NEWS

rfriend 3.1.0 (2026-05-30)

New Features

f_boxplot now accepts numeric vectors in addition to data.frames and formulas. A single vector like f_boxplot(my_vec) produces one box labelled with the vector name on the y-axis; multiple unnamed vectors like f_boxplot(hp, cyl) produce side-by-side boxes, matching base R's boxplot() convention. A new color argument controls the palette: the default "rainbow" preserves existing behaviour, "bw" gives publication-style white boxes with black lines, outliers and mean marker, a single colour name like "steelblue" applies one hue to all boxes (with a light-tinted fill and darkened outline derived in HSV space), and a vector of colours is recycled for custom per-group palettes. A new boxwidth argument exposes the relative width of each box (passed as boxwex to boxplot()) for finer control over plot appearance.

f_scan now accepts loose numeric vectors in the same spirit as f_boxplot. A single vector like f_scan(disp1) produces a one-group diagnostic dashboard with the vector name carried through as the column label. A formula built from bare vectors works identically to the data.frame form, so f_scan(disp1 + hp1 ~ cyl1) assembles the data.frame internally from the variable names in the formula. A positional shorthand is also supported: f_scan(disp1, cyl1) is equivalent to f_scan(disp1 ~ cyl1), treating the first vector as the response and any additional vectors as grouping variables, with length checks against the response and clear errors on mismatch.

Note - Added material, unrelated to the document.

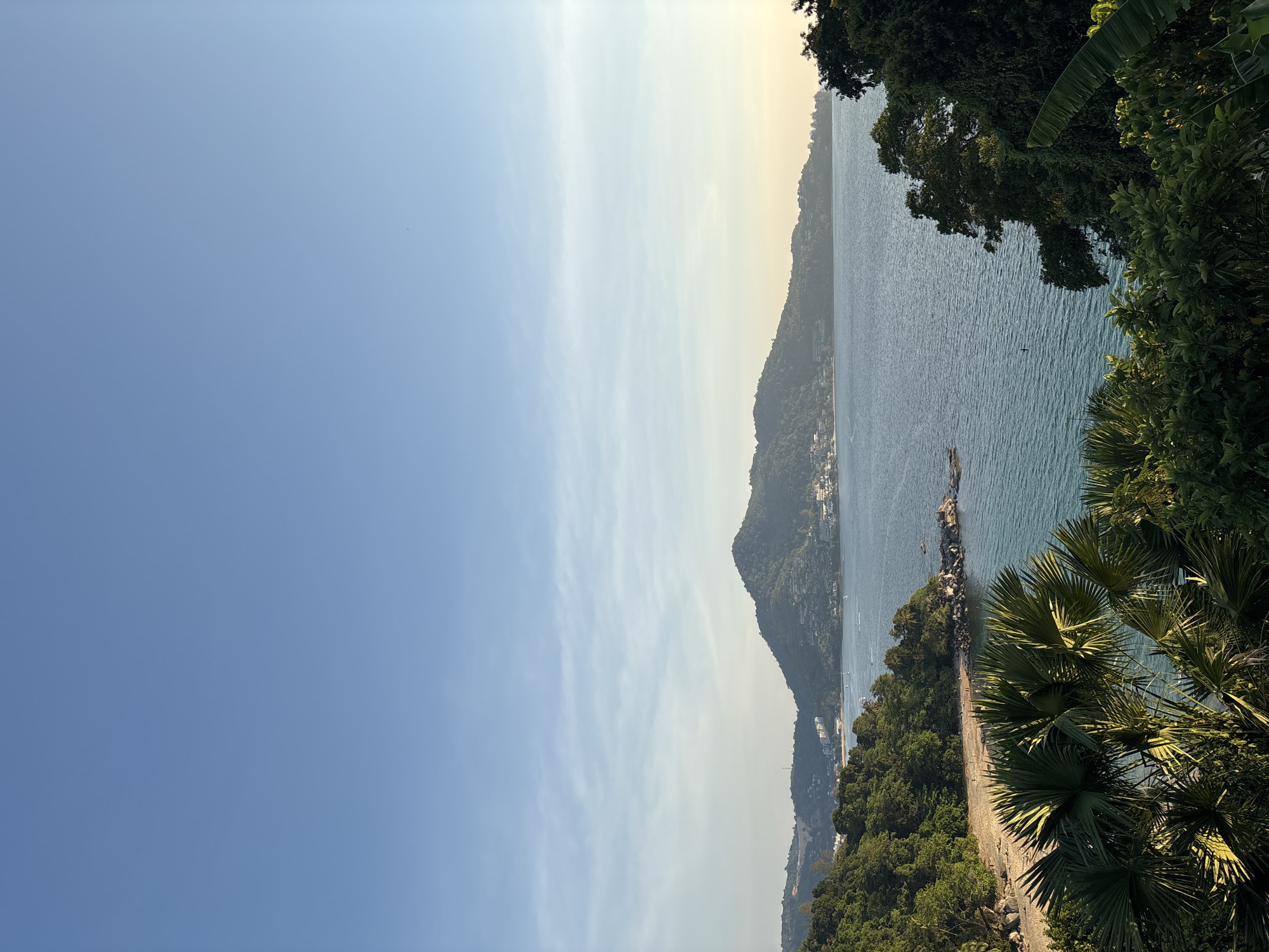 The image depicts a coastal scene in Ban Bang Thao, Thailand, featuring a view from an elevated position overlooking the ocean. Lush, tropical vegetation, including palm trees and various leafy plants, frames the right side of the image. The ocean extends towards a distant landmass, with a hilly landscape visible across the water. A section of rocky coastline is present in the middle ground. The sky transitions from a clear blue at the top left to a slightly hazy or brighter hue near the horizon. There are no people visible in the shot.

f_summary() gains a show_ci argument (default FALSE) that adds CI_lower and CI_upper columns, the bounds of a confidence interval for the mean. The interval is a parametric t-interval, computed as mean +/- qt(1 - (1 - conf_level)/2, df = n - 1) * se, matching the interval reported by t.test(). A companion conf_level argument (default 0.95) sets the confidence level. Groups with fewer than two non-missing observations return NA bounds.

Minor Changes

Removed an internal package startup/shutdown file zzz.R that printed a spurious "Package unloaded from:" message on unload. Package loading and unloading are now silent on the rfriend side.
Improved the boxplot explanation in the introduction section ("Understanding Boxplots: A Visual Guide") of the output files from f_boxplot().

Bug Fixes

f_boxplot() with a formula and explicit data (e.g. f_boxplot(hp ~ cyl, mtcars)) now plots only the response variable named on the LHS of the formula. Previously the LHS was ignored and a plot was generated for every numeric column in data.
f_boxplot() with a formula referencing bare vectors (e.g. f_boxplot(hp1 ~ cyl1)) no longer errors with "argument 'data' is missing, with no default", and the output filename is derived from the formula variables.
check_lhs_is_names() (internal LHS guard) no longer emits a misleading "Expressions on the LHS of the formula are ignored: NULL" warning when called with formula = NULL or with a one-sided formula. This affected any rfriend function accepting a data.frame without a formula (f_boxplot(mtcars), f_summary(mtcars), etc.).
f_summary(), f_scan() and f_outliers() now accept a bare data.frame without requiring columns. When columns is omitted, all numeric columns in data are used (excluding any named in group_vars and, for f_outliers(), id_var). This matches the behaviour added to f_boxplot() in the same release and mirrors base R's summary(mtcars).
f_scan() no longer crashes with "Column All Data not found" on the second response variable when called without group_vars. The dummy grouping column was being added only on the first iteration of a multi-column loop.
The print methods for f_summary() and f_outliers() now show a header naming each response variable when several are summarised. Previously, multi-column calls produced a stack of unlabelled tables.
f_summary() now computes the standard error (se) using the number of non-missing observations rather than the full vector length. Previously a column containing NA values produced a standard error that was biased towards zero, because the NA entries were counted in the denominator sqrt(n). The new confidence interval relies on the same corrected count.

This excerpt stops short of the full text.